TO DO:
Please copy the listing that follows exactly, leaving out any pictures.

GIVEN RECORDS:
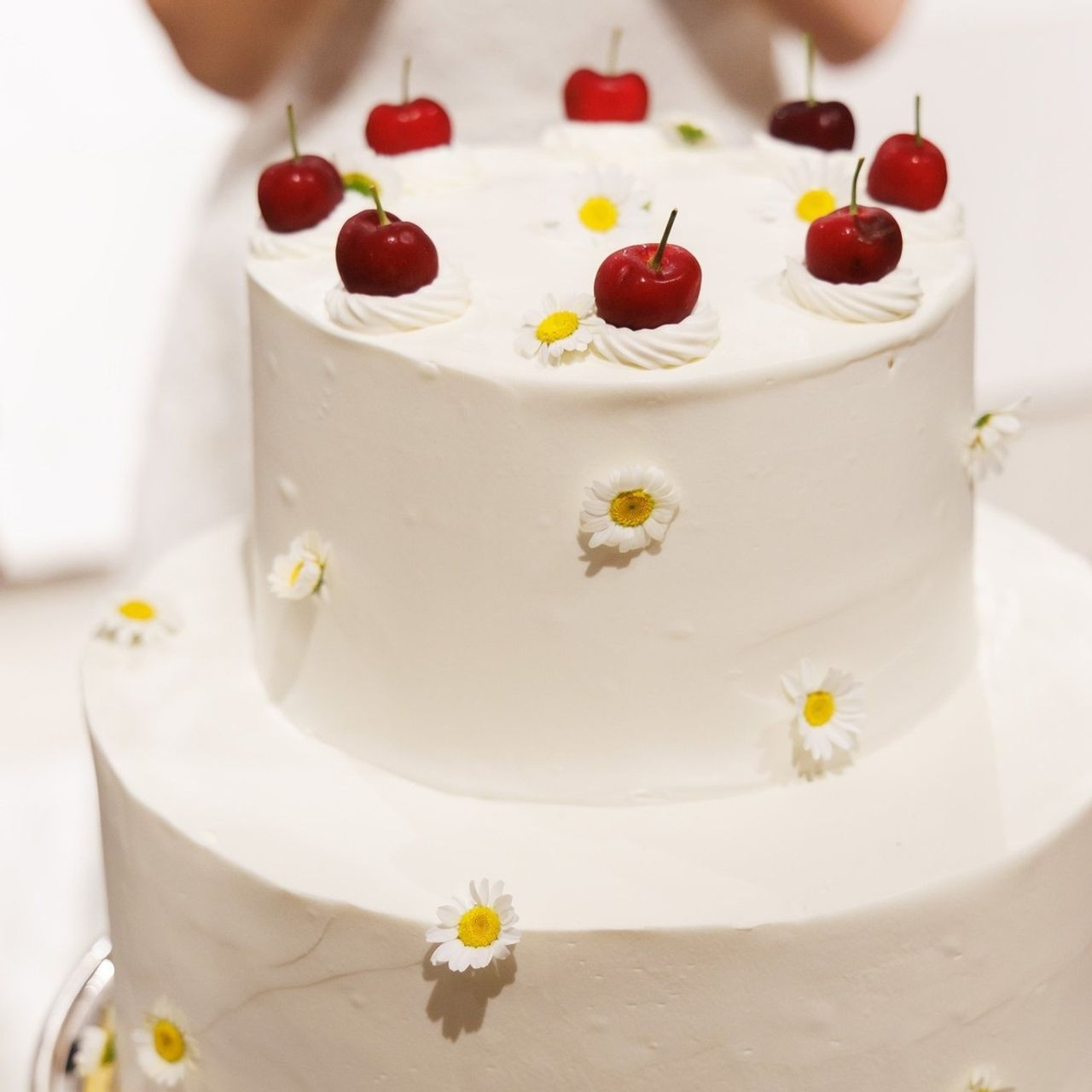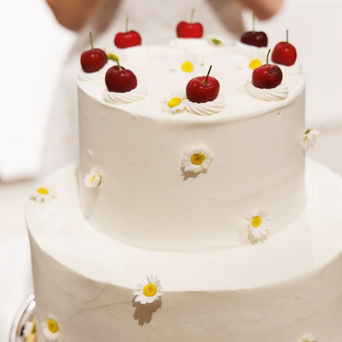 2段のチェリー×お花の少しビンテージ感を意識したケーキです。
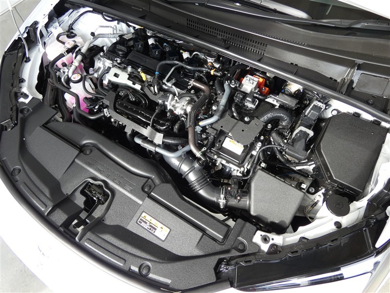 2000㏄のガソリンハイブリッドエンジンです。エンジンルームはボンネット裏からヒンジの奥まで油汚れを除去しています。
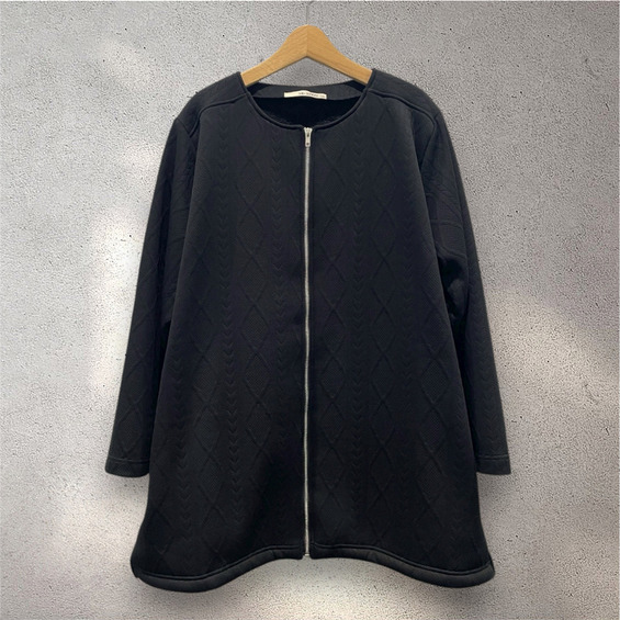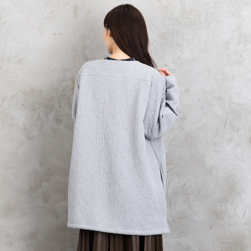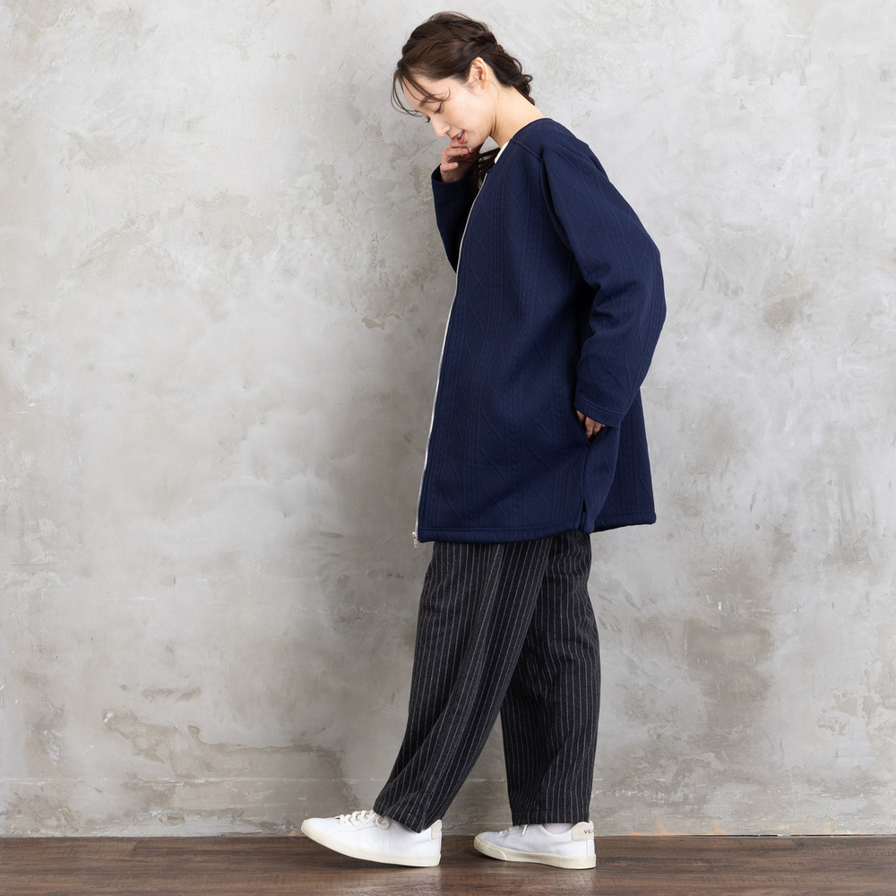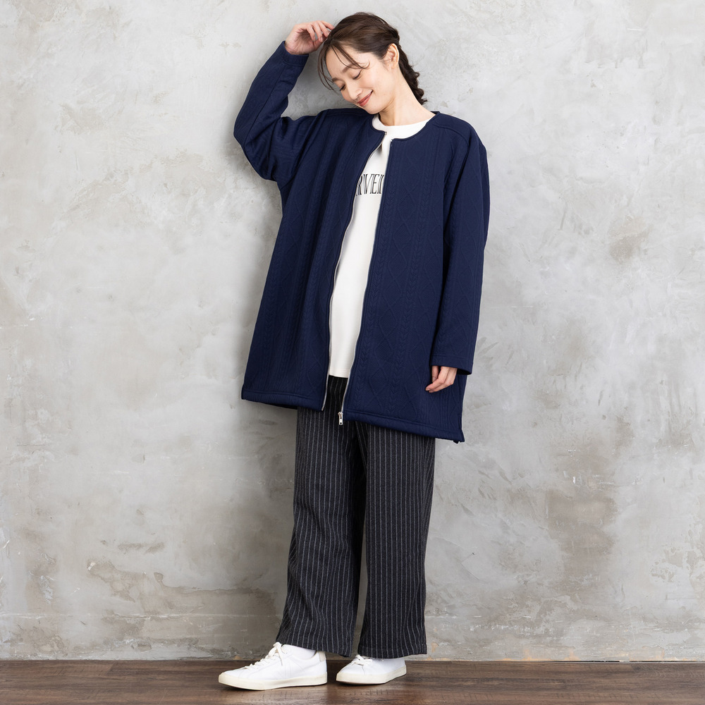 ふっくらとしたジャガード素材が上品な印象を与えるショートコート。
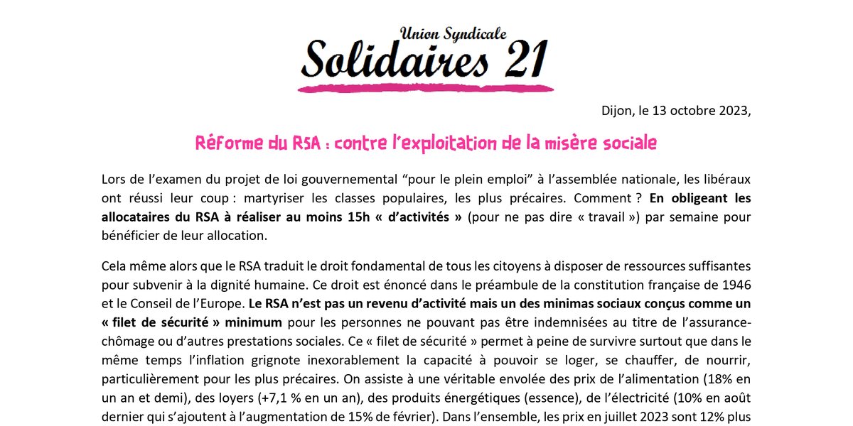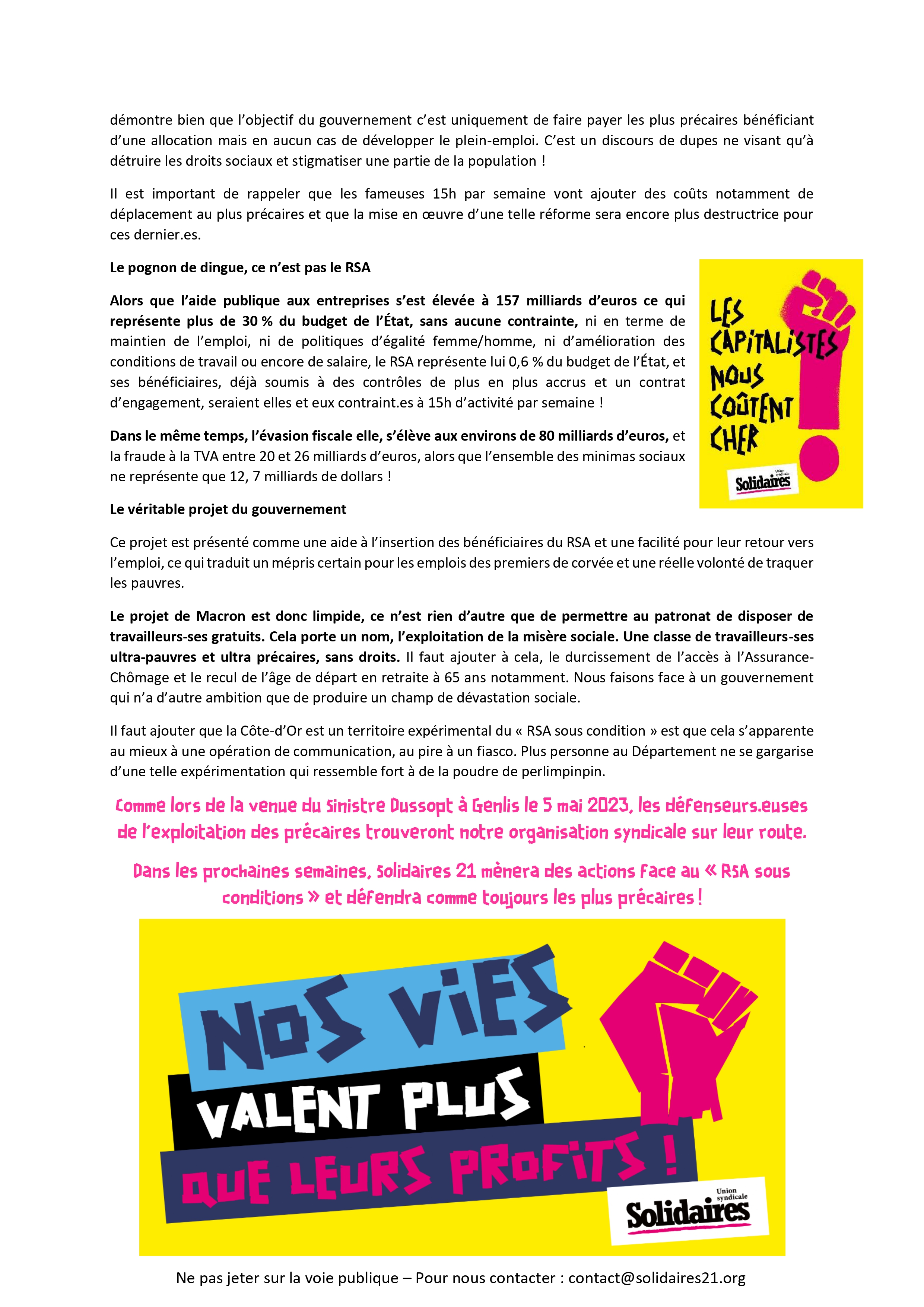 Dans les prochaines semaines, Solidaires 21 mènera des actions face au « RSA sous conditions » et défendra comme toujours les plus précaires !
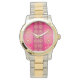 Wonderful fuchsia pink oriental mandala pattern with striped background.
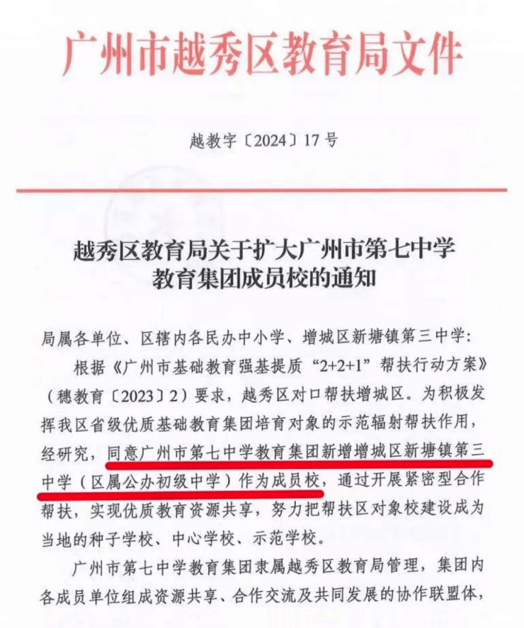 而且,对口的新塘三中加入了增城广附教育集团 ,与增城广附实行同教材、同教研、同考试的管理模式。同时,还有广州七中集团的合作帮扶,教育质量有保障。
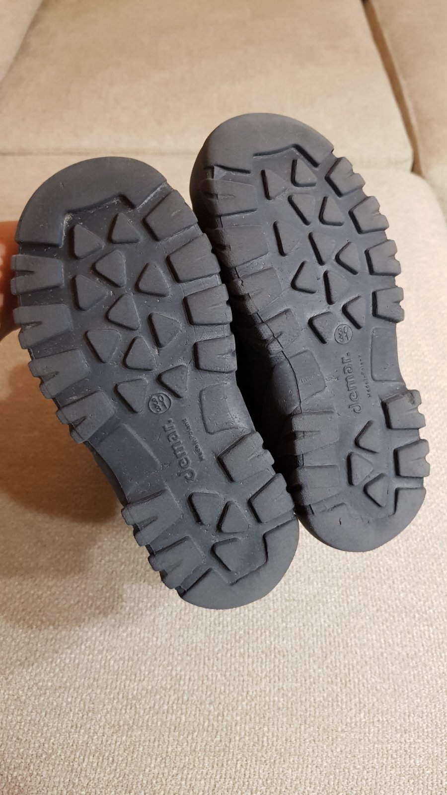 Zimné snehule značky Demar, veľkosť 30-31, nosené, stielka z ovčieho rúna sa úplne zničila, preto predávam bez stielky za symbolickú cenu 4 € + pošta. Ak bude mať kupujúci záujem, viem objednať novú stielku (stojí cca 10 €), lebo budem objednávať odtiaľ nové zimné, a potom poslať spolu aj stielku aj snehule za jednu cenu poštovného. Menšia chyba: rozpáraný jeden suchý zips do polovice, ale dá sa to zašiť.
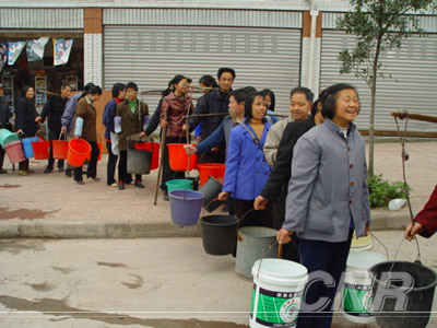 沱江污染后,當地群眾排隊到消防車接水喝

EXERCISE ANSWER:
 2段のチェリー×お花の少しビンテージ感を意識したケーキです。
 2000㏄のガソリンハイブリッドエンジンです。エンジンルームはボンネット裏からヒンジの奥まで油汚れを除去しています。
 ふっくらとしたジャガード素材が上品な印象を与えるショートコート。
 Dans les prochaines semaines, Solidaires 21 mènera des actions face au « RSA sous conditions » et défendra comme toujours les plus précaires !
 Wonderful fuchsia pink oriental mandala pattern with striped background.
 而且,对口的新塘三中加入了增城广附教育集团 ,与增城广附实行同教材、同教研、同考试的管理模式。同时,还有广州七中集团的合作帮扶,教育质量有保障。
 Zimné snehule značky Demar, veľkosť 30-31, nosené, stielka z ovčieho rúna sa úplne zničila, preto predávam bez stielky za symbolickú cenu 4 € + pošta. Ak bude mať kupujúci záujem, viem objednať novú stielku (stojí cca 10 €), lebo budem objednávať odtiaľ nové zimné, a potom poslať spolu aj stielku aj snehule za jednu cenu poštovného. Menšia chyba: rozpáraný jeden suchý zips do polovice, ale dá sa to zašiť.
 沱江污染后,當地群眾排隊到消防車接水喝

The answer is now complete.